It is now well known that Revil and DarkSide, some of the famous and notorious ransomware gangs, have allegedly stopped its task and left the ransomware group. Interestingly, new ransomware gangs are now claiming to be the successor of these two gangs.
After the disappearance of the two ransomware gangs, that emergence of new ransomware gangs has left the question of possible rebranding. The new gang named BlackMatter is also looking for affiliates. They have also posted advertisements on two of the forums of cybercrime.
Connection with REvil
Some of the targeting rules that are followed by BlackMatter are similar to those claimed by REvil. Rules like not targeting the healthcare sector and the government and nonprofit facilities.

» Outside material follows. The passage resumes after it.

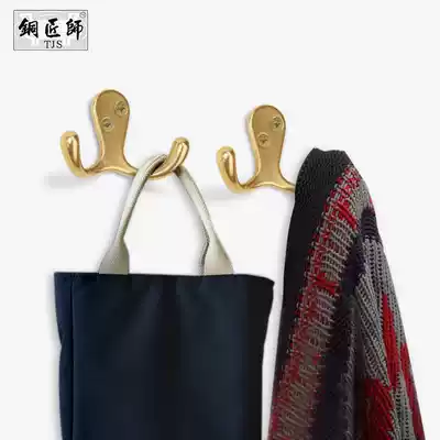 Solid wood door vintage Chinese pure copper hanging clothes custom hook coat hook solid copper coat hook rear hook Mingqing wall hook

Also, they make use of the same tactics that REvil used, and the Windows registry key of REvil was labelled BlackLivesMatter.
These facts do point towards the possibility that REvil may not have retired completely, rather they took a small break from the attacks, although we cannot disregard the possibility that the new BlackMatter ransomware are simply copying the REvil intentionally to gain credibility easily and fast.
Connection to the DarkSide-
The leak site of BlackMatter is uncannily similar to the leak site of the DarkSide, which is currently defunct. Also they said that they would not attack any critical infrastructure.
Conclusion-
There is no concrete evidence of the connection between the gangs. To fill up the voids created by the silencing of the two gangs, new ransomware gangs are emerging.